● **Problem to work on**
If a line below falls between the line with "- Navigate to" and the line with "Uczniowie mieli okazję", or is one of those two, output it exactly; output nothing else and no pictures.

● **Task material**
•••••
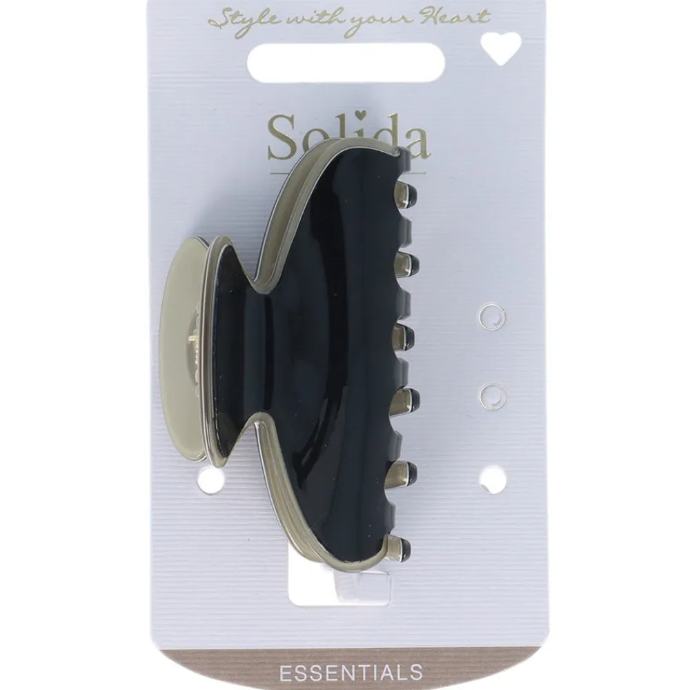 Ganz gleich, ob du kurzes oder langes Haar hast, die Solida Haarklammer schwarz/beige groß shiny ist das ideale Accessoire.
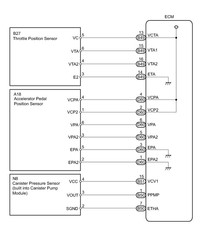 The ECM constantly uses 5 V from the battery voltages supplied to the +B (BATT) terminal to operate the microprocessor. The ECM also provides this power to the sensors through the VC output circuit.
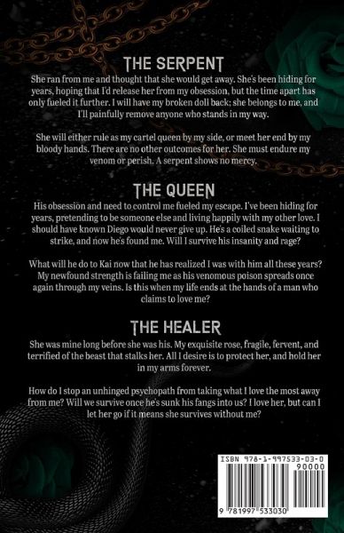 Special Edition: All green pages. The Serpent: A Serpent shows no mercy. She thought she could get away, hiding for years, hoping that I'd release her from my obsession. But I will have my broken doll back. She is mine, and I'll destroy anyone who blocks my path to her. Isabella, my cartel queen, will once again rule by my side. Or risk meeting her bloody end by my villainous hands. There are no other outcomes for her. She will endure my venom or perish. The Queen: Queens bow to no one. His obsession blinded him and helped fuel my escape. I've been hiding for years, pretending to be someone else. Living the life I was supposed to with my other love. But I should've known Diego would never give up. He's a coiled snake waiting to strike. Now that he's found me, I fear I won't survive his insanity and rage. The Healer: Sometimes, love means letting go. She was mine long before she was his. My exquisite rose, fragile, delicate, and horrified by the beast who stalks her. I vow to protect her and shield her forever. But her unhinged psychopath is determined to take what I love the most away from me. If he sinks his fangs into her again, we may not live to see another day. If I set her free, I can ensure both our survival, even if it means selling our souls to the very devil we hide from. Please see the author's website for CWs. This is a dark romance intended for adult audiences.
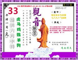 351期开奖时间2025年12月17 星期三)晚9:30开(农历十月廿八 猴冲虎)
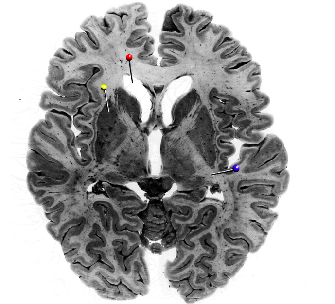 In the horizontal brain slice, the yellow pin is in the…
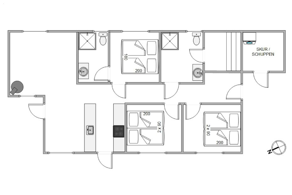 Ved sommerhuset er der en udebruser, som er rigtig dejlig efter en lang gåtur ved stranden med bare fødder i sandet. Udebruseren kan benyttes fra april til november.
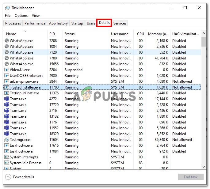 - Navigate to the details option located in the task manager as shown in the image.
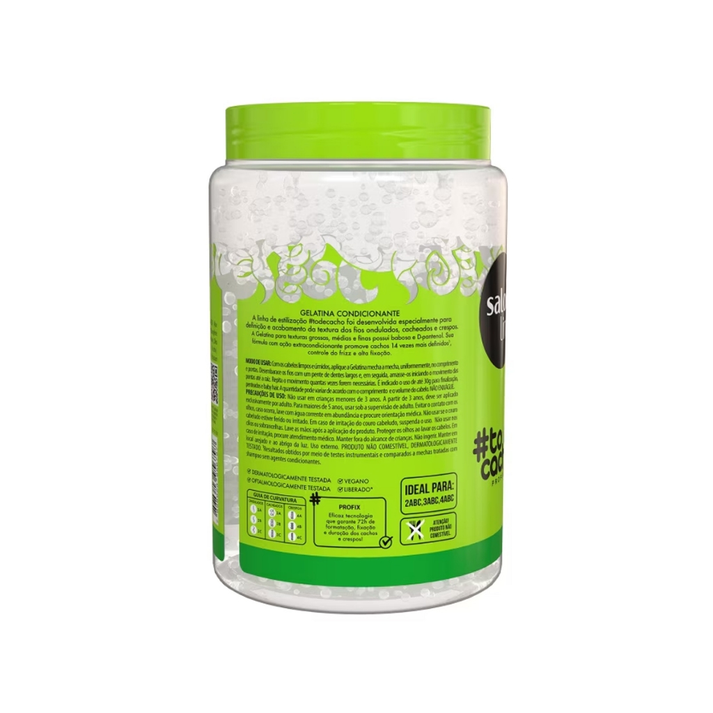 A Gelatina #todecacho Super Definição 1kg proporciona definição intensa, ação antifrizz e fixação total para os cabelos cacheados e crespos. Ideal para misturinhas. Quais os principais ativos? A Gelatina para cabelo ondulado, cacheado e crespo possui babosa e D-pantenol em sua fórmula que garantem hidratação, maciez e brilho. Além disso, aliados à tecnologia PROFIX, proporcionam definição intensa, combate ao frizz e fixação duradoura. Modo de Uso Com os cabelos limpos e úmidos, aplique a Gelatina Capilar Super Definição mecha a mecha, uniformemente, no comprimento e pontas. Desembarace os fios com um pente de dentes largos e, em seguida, amasse-os iniciando o movimento das pontas até a raiz. Repita o movimento quantas vezes forem necessárias. A aplicação ideal dependerá da quantidade e do comprimento dos fios. Não enxágue. Dicas de uso Experimente misturar a Gelatina #todecacho Super Definição com seu Ativador de Cachos Salon Line preferido para melhores resultados. É vegano? O produto é vegano. É liberado? O produto é liberado.
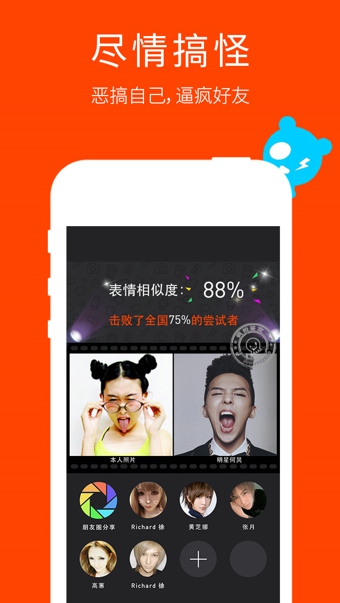 還有一大波逗比的明星表情等你模仿。把傲嬌的相似度發(fā)給朋友,挖掘身邊更多的逗比好友。
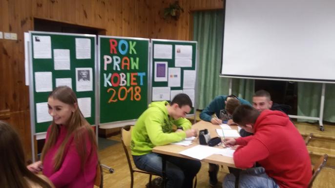 Uczniowie mieli okazję zapoznać się między innymi z historią praw kobiet (obejrzeli prezentację), poznali sylwetki polskich feministek i ciekawostki o prawach kobiet. Obejrzeli również fragment filmu „Sufrażystka”, który opowiada historię kobiety, która walcząc o swoje prawa utraciła prawie wszystko. Na koniec sprawdzili się w quizie tematycznym. Musieli wykazać się między innymi wiedzą na temat uzyskania przez Polki prawa wyborczego czy ochrony kobiet w ciąży. Na zakończenie obejrzeli wystawę na ten temat.
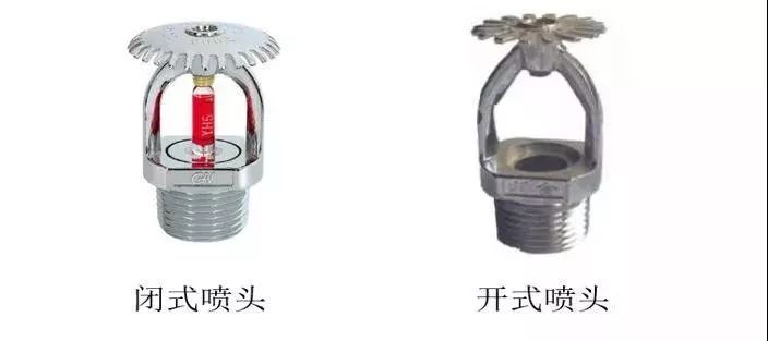 2、 自動(dòng)噴水滅火系統(tǒng)根據(jù)噴頭的不同可以分為兩類,使用閉式噴頭(注意噴頭中間的紅色玻璃管)就是閉式系統(tǒng),使用開(kāi)式噴頭的為開(kāi)式系統(tǒng)。其中閉式系統(tǒng)包括濕式系統(tǒng)、干式系統(tǒng)和預(yù)作用系統(tǒng);開(kāi)式系統(tǒng)包括雨淋系統(tǒng)、水幕系統(tǒng)。
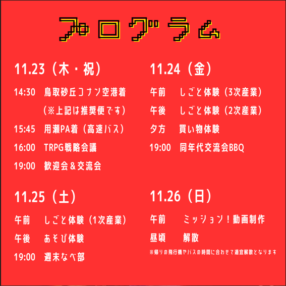 【定 員】12名<6名(鳥取県外からの参加)+6名(鳥取県内からの参加)>
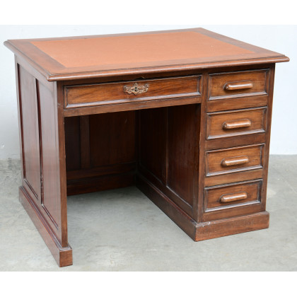 Scrivania da centro ad un cassetto sottopiano e quattro nei montanti. 1940 circa (cm 100x80x80)
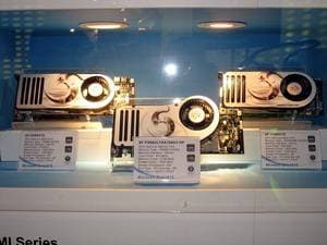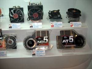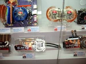 В заключении рассмотрения этого стенда надо показать и особую серию ускорителей, оснащенных особыми кулерами (сами устройства охлаждения, насколько нам стало известно, производства Coolermaster).
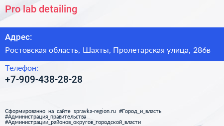 Pro lab detailing по адресу Ростовская область, Шахты, Пролетарская улица, 286в в дальнейшем Организация, размещена в следующих категориях:
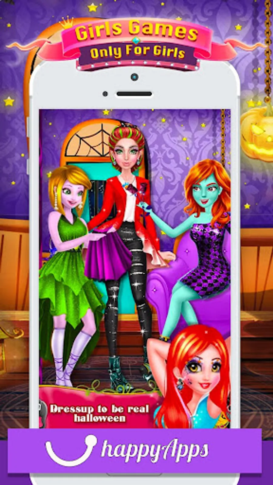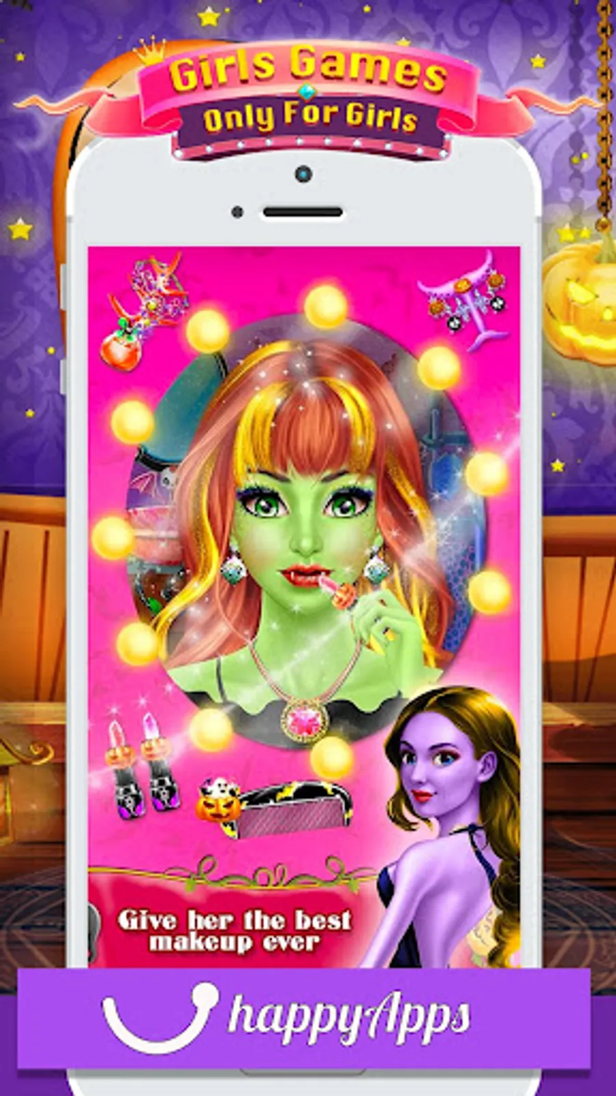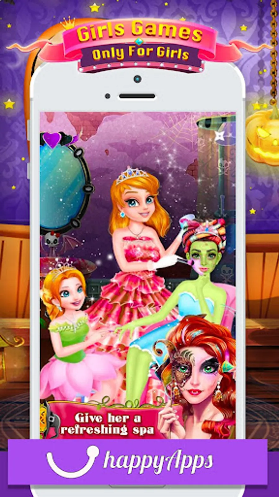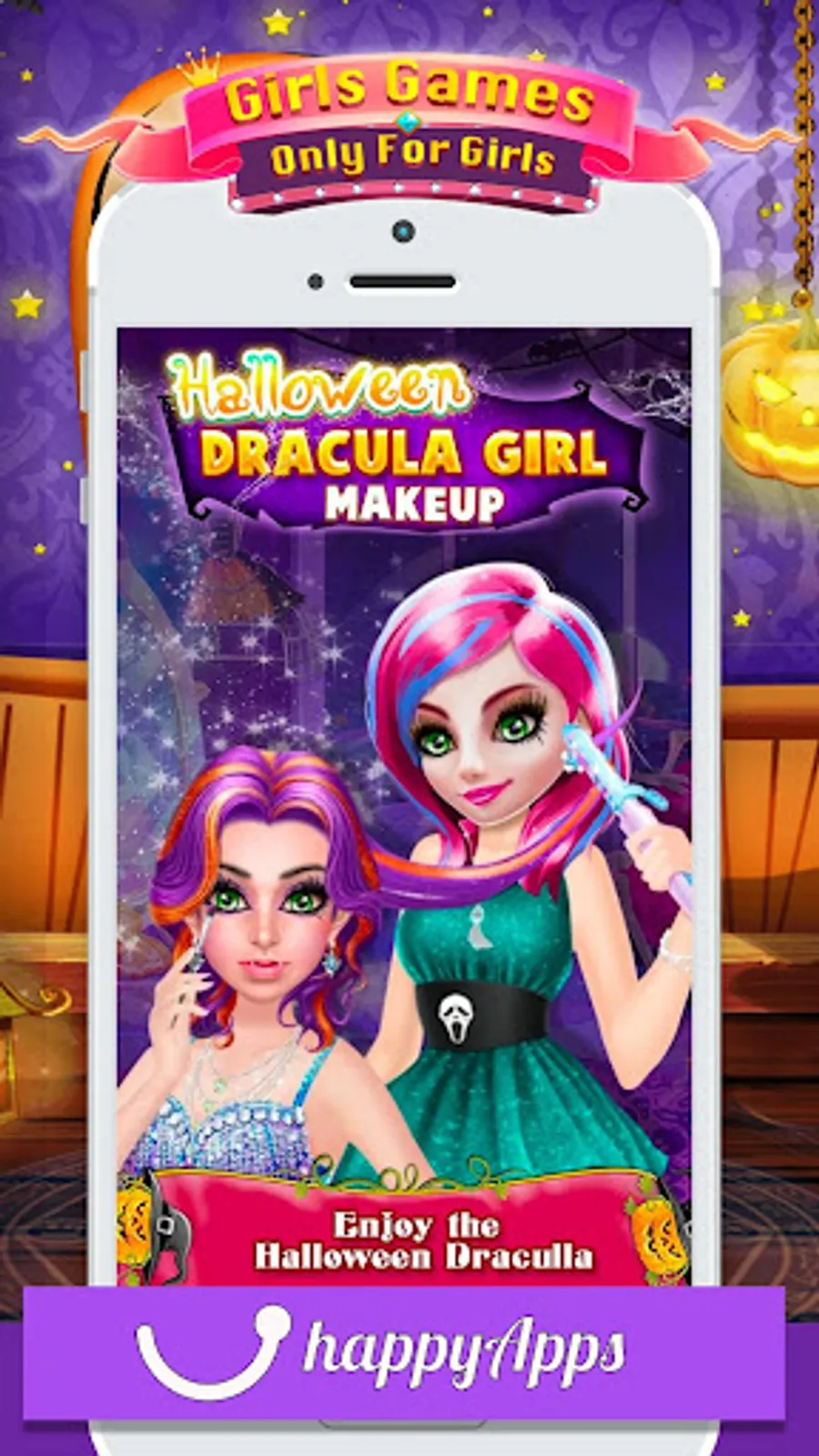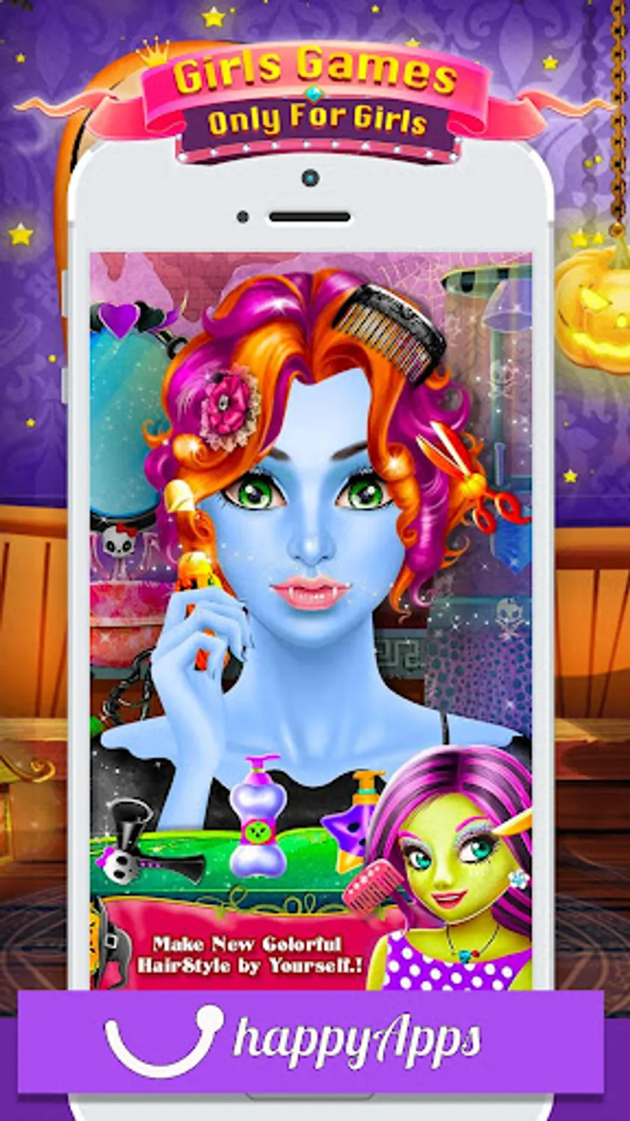 Princess Salon - Halloween Girl Makeup & Dress up is the best Halloween makeover game for girls. In this dress up game, you have to prepare characters for Halloween festival. Start with a spa treatment to give her clean and smooth skin by removing pimples and dark circle from her face. Next, become a professional hairstylist and make different braided hairstyles. Then choose the amazing makeup accessories like skin tone, blush, eye shadow, eyelashes, eye lenses, lipstick shape, eyebrows, earrings and much more. Once you are done with makeup and then choose the best dress up like a necklace, gloves, dress, footwear and much more. After completing all the makeover activities choose your favorite background and take a photo with Dracula girl.
•••••
● **Response area**
 - Navigate to the details option located in the task manager as shown in the image.
 A Gelatina #todecacho Super Definição 1kg proporciona definição intensa, ação antifrizz e fixação total para os cabelos cacheados e crespos. Ideal para misturinhas. Quais os principais ativos? A Gelatina para cabelo ondulado, cacheado e crespo possui babosa e D-pantenol em sua fórmula que garantem hidratação, maciez e brilho. Além disso, aliados à tecnologia PROFIX, proporcionam definição intensa, combate ao frizz e fixação duradoura. Modo de Uso Com os cabelos limpos e úmidos, aplique a Gelatina Capilar Super Definição mecha a mecha, uniformemente, no comprimento e pontas. Desembarace os fios com um pente de dentes largos e, em seguida, amasse-os iniciando o movimento das pontas até a raiz. Repita o movimento quantas vezes forem necessárias. A aplicação ideal dependerá da quantidade e do comprimento dos fios. Não enxágue. Dicas de uso Experimente misturar a Gelatina #todecacho Super Definição com seu Ativador de Cachos Salon Line preferido para melhores resultados. É vegano? O produto é vegano. É liberado? O produto é liberado.
 還有一大波逗比的明星表情等你模仿。把傲嬌的相似度發(fā)給朋友,挖掘身邊更多的逗比好友。
 Uczniowie mieli okazję zapoznać się między innymi z historią praw kobiet (obejrzeli prezentację), poznali sylwetki polskich feministek i ciekawostki o prawach kobiet. Obejrzeli również fragment filmu „Sufrażystka”, który opowiada historię kobiety, która walcząc o swoje prawa utraciła prawie wszystko. Na koniec sprawdzili się w quizie tematycznym. Musieli wykazać się między innymi wiedzą na temat uzyskania przez Polki prawa wyborczego czy ochrony kobiet w ciąży. Na zakończenie obejrzeli wystawę na ten temat.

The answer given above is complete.